4. Missing values, not at random: For the pretrial data covered in the lecture, clean the `ImposedSentenceAllChargeInContactEvent` variable as well as you can, and explain the choices you make. (Hint: Look at the `SentenceTypeAllChargesAtConvictionInContactEvent` variable.)

```
# pip install pandas

import pandas as pd
import numpy as np

df = pd.read_csv('/Users/tamerafang/PycharmProjects/DataWrangling/venv/VirginiaPretrialData2017.csv', low_memory=False)

length = df['ImposedSentenceAllChargeInContactEvent'] # temp length, col UF
type = df['SentenceTypeAllChargesAtConvictionInContactEvent'] # temp type, from hint, col UE

length = pd.to_numeric(length,errors='coerce') # convert length to numeric and non-numeric as missing

length_NA = length.isnull() # identify missing values
print( np.sum(length_NA),'\n') # check sum of missing
print( pd.crosstab(length_NA, type), '\n') # check length against type

length = length.mask( type == 4, 0) # replace type 4 length to 0
length = length.mask( type == 9, np.nan) # replace type 9 length with np.nan

length_NA = length.isnull() # identify missing values again
print( pd.crosstab(length_NA, type), '\n') # check length against type
print( np.sum(length_NA),'\n') # check length sum of missing, there are fewer now

df['ImposedSentenceAllChargeInContactEvent'] = length # replace data with clean version
del length, type # delete temp length/type variables
```
Explanation: Like the previous questions, we extract and make temporary vectors for the columns we're cleaning, so in this case we have length and type.

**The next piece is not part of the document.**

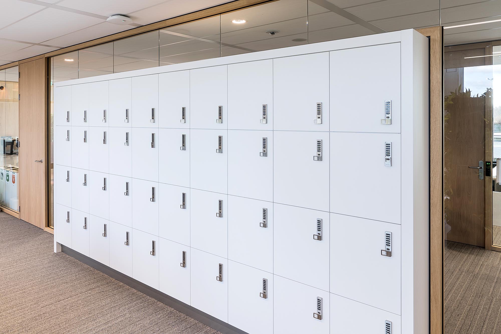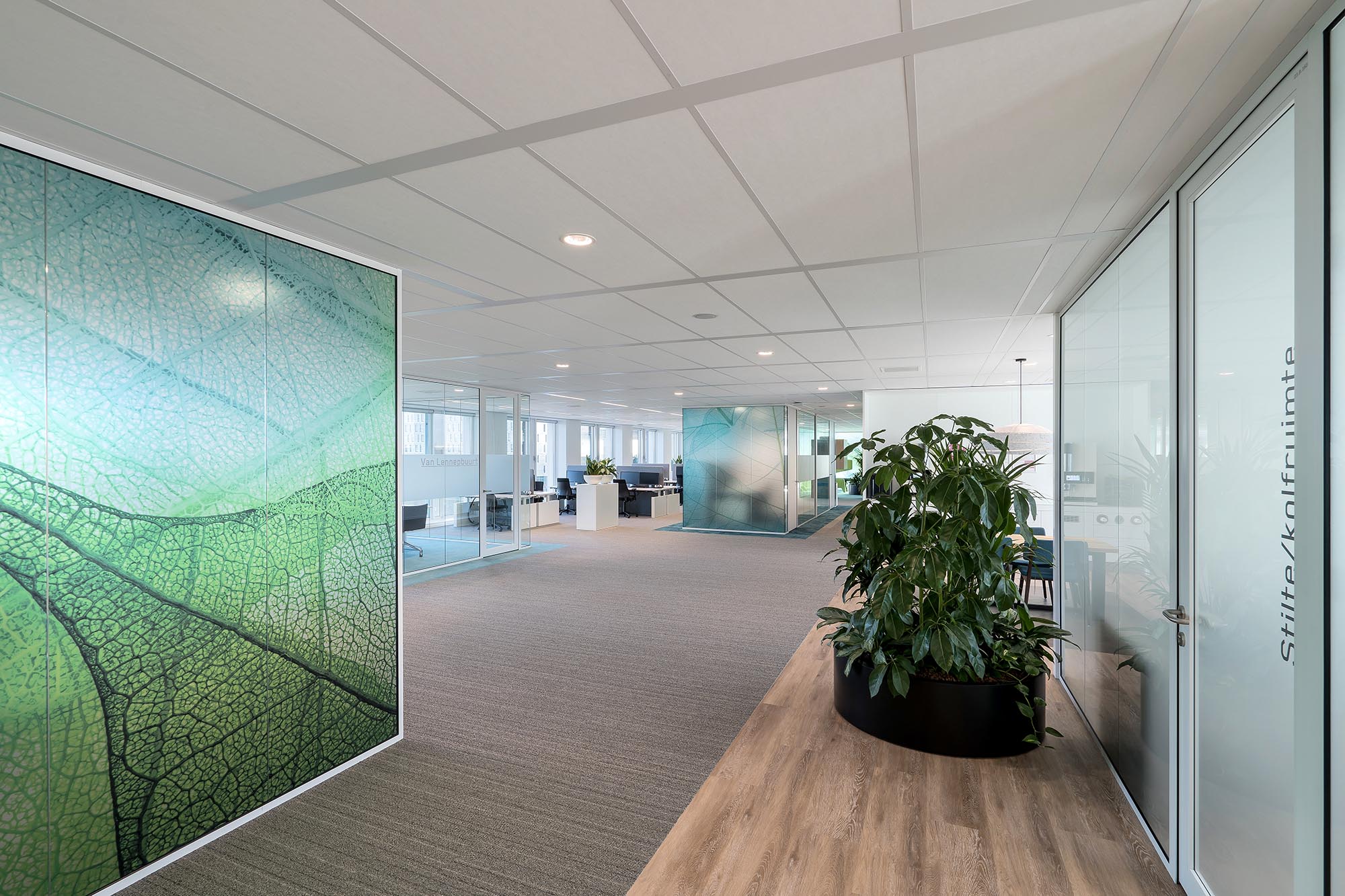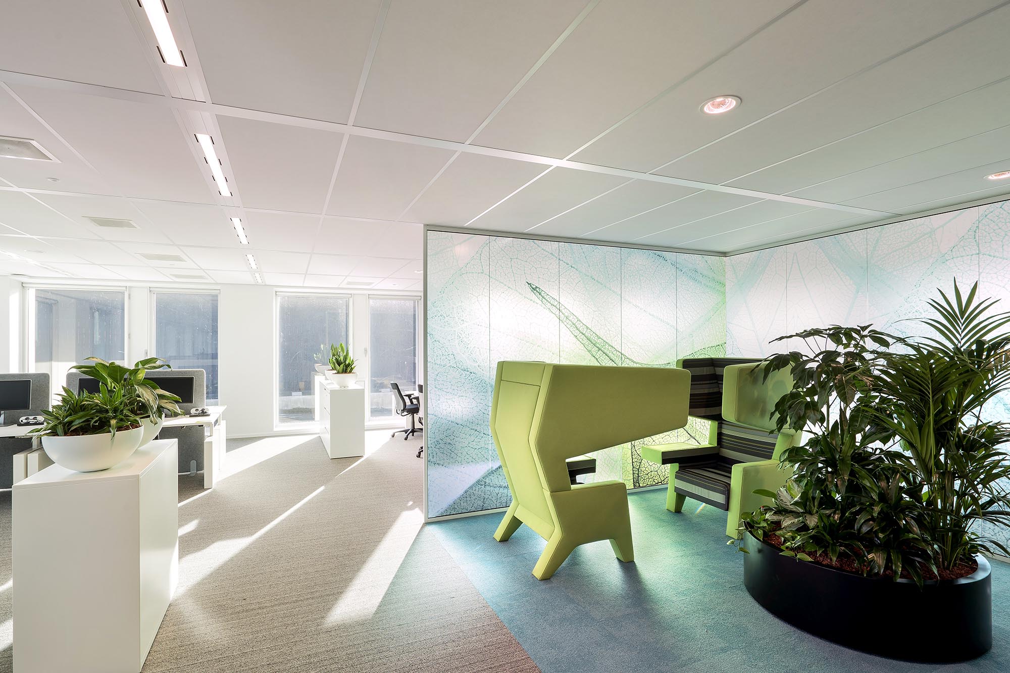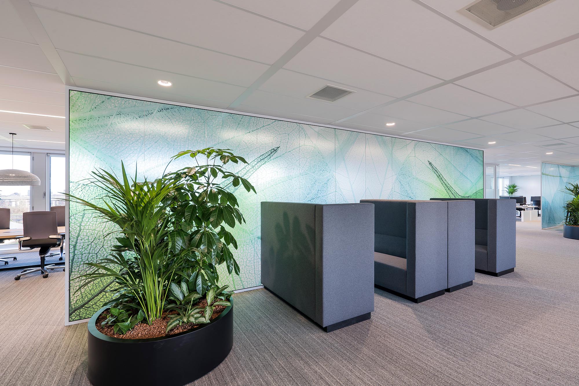 Verspreid over alle verdiepingen is maatwerk interieur bestaande uit onder andere pantry’s, akoestische panelen, second life lockerkasten, vrijstaande en in de glaswand geïntegreerde locker- en open vakkenkasten gerealiseerd. In het atrium werd Bruynzeel wandbekleding toegepast, waardoor een fantastische ambiance is ontstaan.

Next, we convert the sentence length data to numeric values and all the non-numeric ones to np.nan to represent it as missing. We then identify the missing values and sum it up to see where we're at in the data cleaning process. For visualization, we check missing values in length against type. Then, we replace type 4 lengths with 0, for they are dismissed charges. We also replace type 9 length with np.nan as they are considered missing. After cleaning this up, we check our missing values again for verification and notice that the missing elements have significantly gone down. Once clean, we replace the previous messy columns with our new clean columns, also ensuring to delete the old temporary ones in the end.


**Q3.** Many important datasets contain a race variable, typically limited to a handful of values often including Black, White, Asian, Latino, and Indigenous. This question looks at data gathering efforts on this variable by the U.S. Federal government.

1. How did the most recent US Census gather data on race?
2. Why do we gather these data? What role do these kinds of data play in politics and society? Why does data quality matter?
3. Please provide a constructive criticism of how the Census was conducted: What was done well? What do you think was missing? How should future large scale surveys be adjusted to best reflect the diversity of the population? Could some of the Census' good practices be adopted more widely to gather richer and more useful data?
4. How did the Census gather data on sex and gender? Please provide a similar constructive criticism of their practices.
5. When it comes to cleaning data, what concerns do you have about protected characteristics like sex, gender, sexual identity, or race? What challenges can you imagine arising when there are missing values? What good or bad practices might people adopt, and why?
6. Suppose someone invented an algorithm to impute values for protected characteristics like race, gender, sex, or sexuality. What kinds of concerns would you have?